5. The formulation as claimed in claim 1, wherein the surfactant is present in the formulation in a weight percentage range of 16% w/w to 32% w/w of the formulation.
6. The formulation as claimed in claim 1, wherein the co-surfactant is present in the formulation in a weight percentage range of 8% w/w to 16% w/w of the formulation.
7. The formulation as claimed in claims 1-2, wherein the aqueous phase is present in the formulation in a weight percentage range of 42% w/w to 83% w/w of the formulation.
8. The formulation as claimed in claims 1, wherein the surfactant is present in a weight ratio of 2:1 with respect to the co-surfactant.
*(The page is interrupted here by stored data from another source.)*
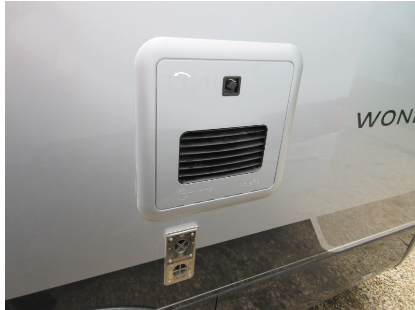
Unlatch door .
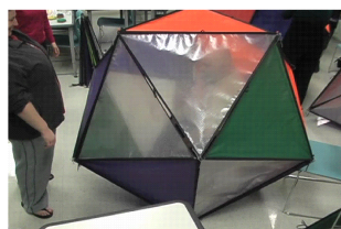
Figure 7: Sitting Inside
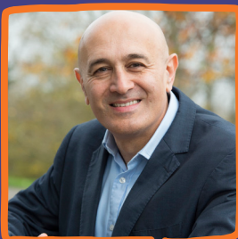
JIM AL-KHALILI , humanist and scientist

The universe is enormous and very old. Over 13 billion years ago everything in the universe was squeezed into a tiny space smaller than the full stop at the end of this sentence. Then, suddenly, the universe got bigger, very quickly – scientists call this the Big Bang . At first, tiny particles called atoms were formed.
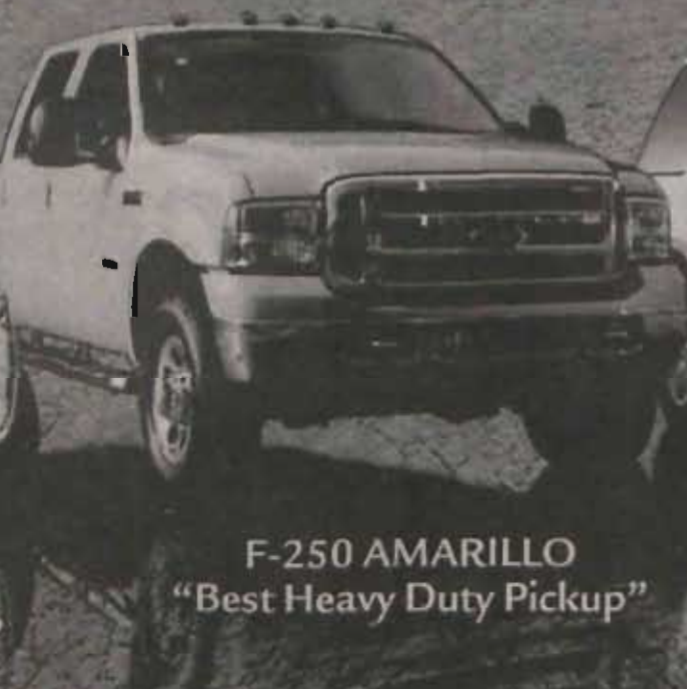
F-250 AMARILLO "Best Heavy Duty Pickup"
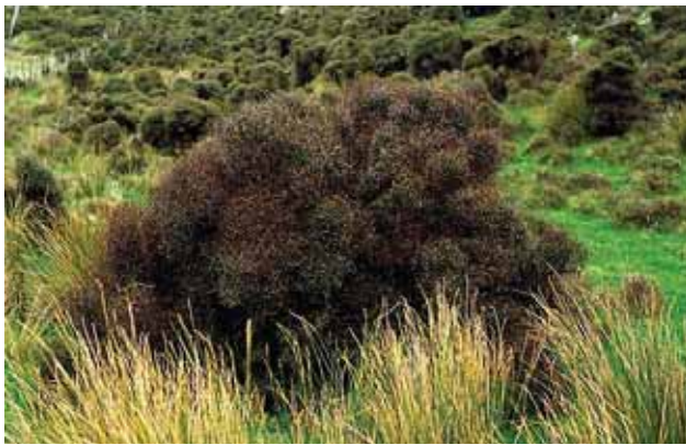
Fig. 4 The nationally endangered shrub — Muehlenbeckia astonii growing in the wild.
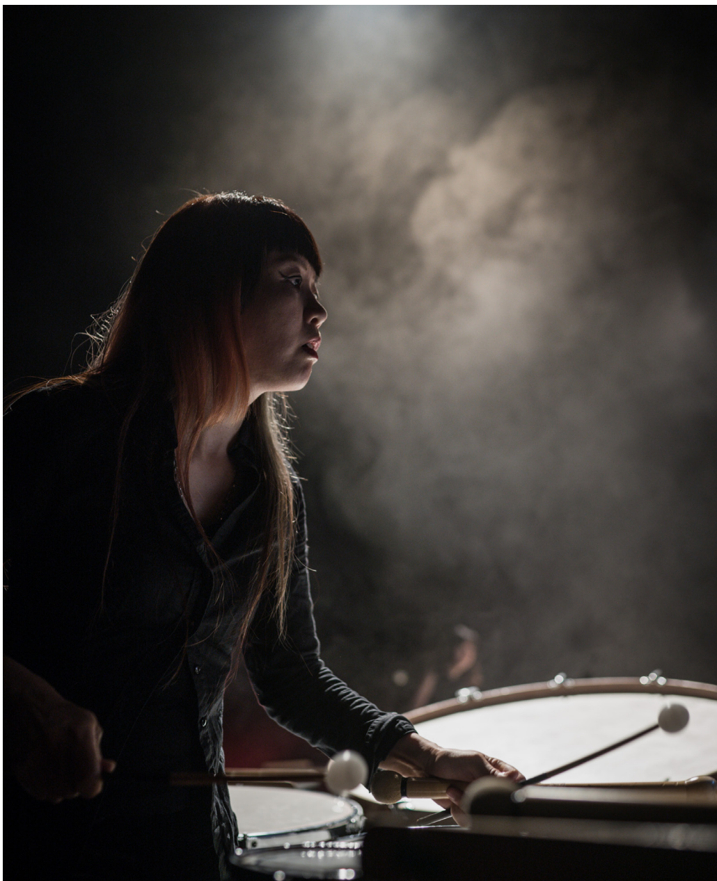
© Jésus s.Baptista 2021 - Pléiades , Théâtre de HautePierre, Strasbourg
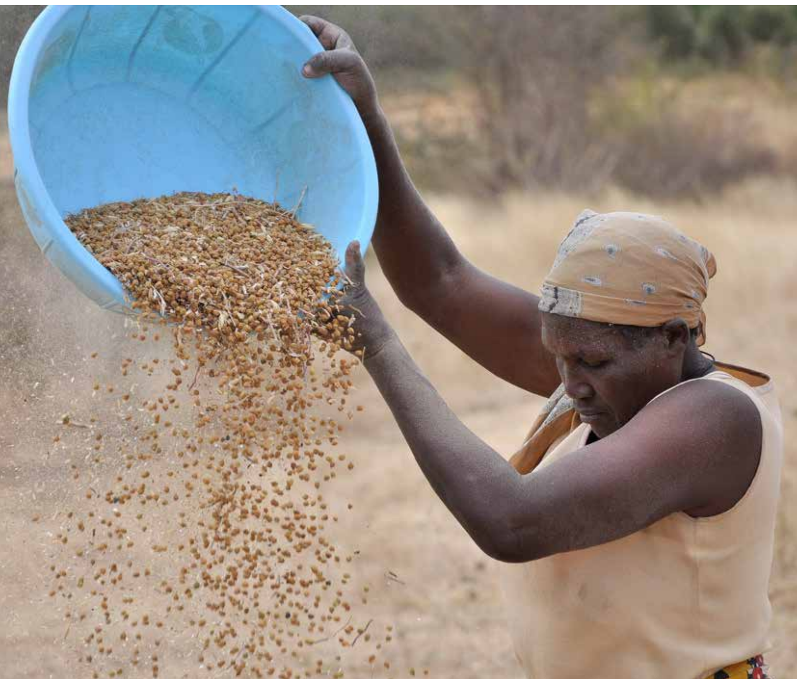
A hard day labour for a Kenyan woman winnowing chick peas grown at her farm.
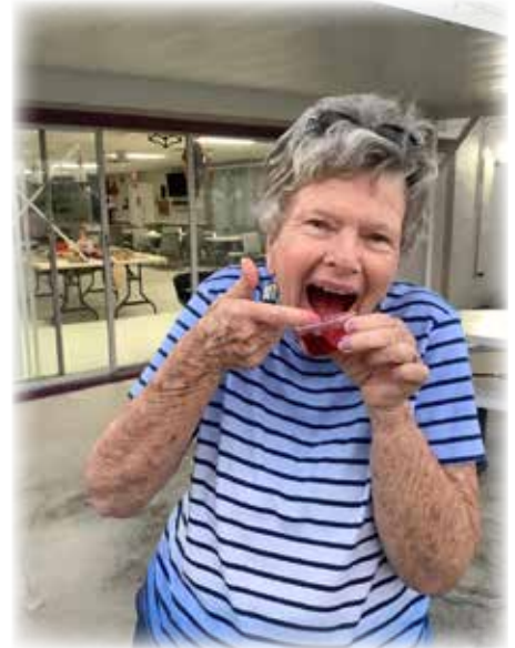
MMMM, THOSE JELLO SHOTS
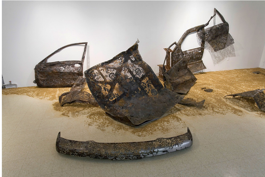
Car Bombing, 2007
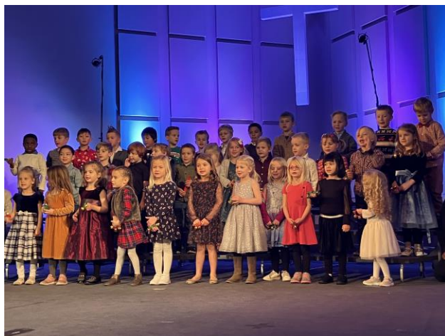
4 - Kindergarten
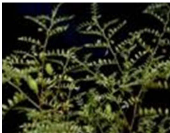
Figure 9. Plants showing pods and seed setting.
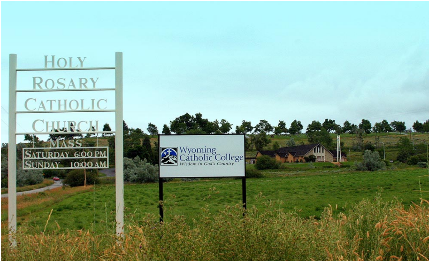
A view of Wyoming Catholic College's campus in Lander
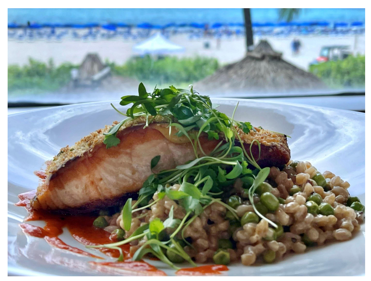
Seared salmon in a Dijon Gremolata crust DISCOVER THE PALM BEACHES

The living room area is also very spacious and is separated from the kitchen by a granite island with bar stools. The living room has a large couch, TV, comfortable chairs. The bedroom is very spacious as well, with amazing views. The bathroom has an oversize tub, and a separate shower and toilet.

9. The formulation as claimed in claim 1, wherein the polysorbate is selected from polyoxyethylene sorbitan monooleate, polyoxyethylene sorbitan monostearate, polyoxyethylene sorbitan monolaurate or combinations thereof.
10. A process of preparing the microemulsion formulation as claimed in claims 1-9, wherein the process comprises the steps of: (a) mixing the surfactant and the co-surfactant together to give a surfactant mixture; (b) adding and vortexing the oil phase in the surfactant mixture; (c) mixing Lafutidine to the mixture of step (b); and (d) adding gradually the aqueous phase with stirring to give the microemulsion formulation.